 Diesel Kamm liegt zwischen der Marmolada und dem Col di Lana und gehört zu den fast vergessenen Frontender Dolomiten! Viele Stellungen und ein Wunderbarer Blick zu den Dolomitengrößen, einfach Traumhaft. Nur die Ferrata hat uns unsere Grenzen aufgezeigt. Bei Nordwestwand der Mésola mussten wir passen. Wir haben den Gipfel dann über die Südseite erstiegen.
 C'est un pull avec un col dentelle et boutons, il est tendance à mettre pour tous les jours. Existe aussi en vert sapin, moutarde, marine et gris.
______________________________
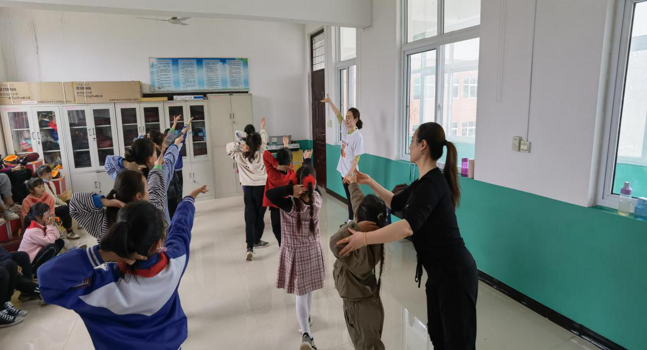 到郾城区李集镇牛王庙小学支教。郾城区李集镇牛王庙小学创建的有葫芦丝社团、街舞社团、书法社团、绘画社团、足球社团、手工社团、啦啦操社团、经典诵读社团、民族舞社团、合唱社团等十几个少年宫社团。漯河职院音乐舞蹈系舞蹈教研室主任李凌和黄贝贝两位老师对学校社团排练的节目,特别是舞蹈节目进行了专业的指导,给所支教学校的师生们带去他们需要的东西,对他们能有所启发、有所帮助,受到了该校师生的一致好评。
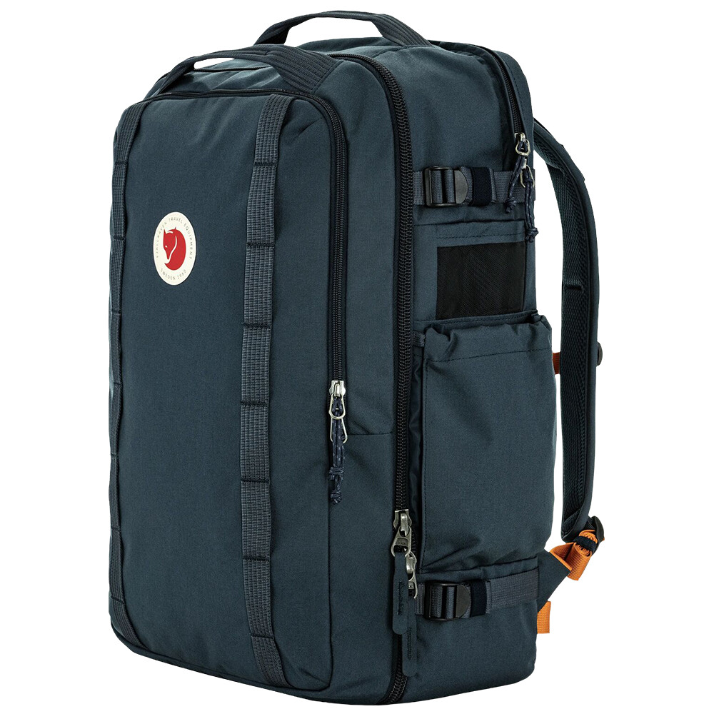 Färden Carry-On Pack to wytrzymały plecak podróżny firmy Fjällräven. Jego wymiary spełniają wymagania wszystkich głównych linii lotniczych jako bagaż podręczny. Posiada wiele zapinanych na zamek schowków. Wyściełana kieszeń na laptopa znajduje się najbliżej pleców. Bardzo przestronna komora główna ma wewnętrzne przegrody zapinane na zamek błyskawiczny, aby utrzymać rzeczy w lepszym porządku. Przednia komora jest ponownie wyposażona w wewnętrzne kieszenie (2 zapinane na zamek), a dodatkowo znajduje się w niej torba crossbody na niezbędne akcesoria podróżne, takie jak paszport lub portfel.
______________________________
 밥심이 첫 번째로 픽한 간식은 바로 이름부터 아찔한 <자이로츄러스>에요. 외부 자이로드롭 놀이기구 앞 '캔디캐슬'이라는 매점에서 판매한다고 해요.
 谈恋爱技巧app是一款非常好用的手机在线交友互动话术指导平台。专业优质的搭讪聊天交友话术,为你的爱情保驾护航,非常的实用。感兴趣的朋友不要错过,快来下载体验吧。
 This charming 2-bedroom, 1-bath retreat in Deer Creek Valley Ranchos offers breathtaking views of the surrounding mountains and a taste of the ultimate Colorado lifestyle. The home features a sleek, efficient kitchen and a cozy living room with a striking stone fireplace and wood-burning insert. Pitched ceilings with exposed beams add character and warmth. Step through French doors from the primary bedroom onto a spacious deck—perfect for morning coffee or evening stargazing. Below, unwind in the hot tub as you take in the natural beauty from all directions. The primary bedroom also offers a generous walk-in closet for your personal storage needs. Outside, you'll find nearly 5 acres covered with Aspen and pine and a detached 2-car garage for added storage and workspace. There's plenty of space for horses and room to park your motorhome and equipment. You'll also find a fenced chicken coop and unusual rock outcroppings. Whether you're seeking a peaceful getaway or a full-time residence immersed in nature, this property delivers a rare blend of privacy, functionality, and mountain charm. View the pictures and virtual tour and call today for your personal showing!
______________________________
WORK ORDER ->
Transcribe the records above from the line holding "Diesel Kamm liegt" down to the line holding "C'est un pull", inclusive, without adding anything.

YOUR SOLUTION ->
 Diesel Kamm liegt zwischen der Marmolada und dem Col di Lana und gehört zu den fast vergessenen Frontender Dolomiten! Viele Stellungen und ein Wunderbarer Blick zu den Dolomitengrößen, einfach Traumhaft. Nur die Ferrata hat uns unsere Grenzen aufgezeigt. Bei Nordwestwand der Mésola mussten wir passen. Wir haben den Gipfel dann über die Südseite erstiegen.
 C'est un pull avec un col dentelle et boutons, il est tendance à mettre pour tous les jours. Existe aussi en vert sapin, moutarde, marine et gris.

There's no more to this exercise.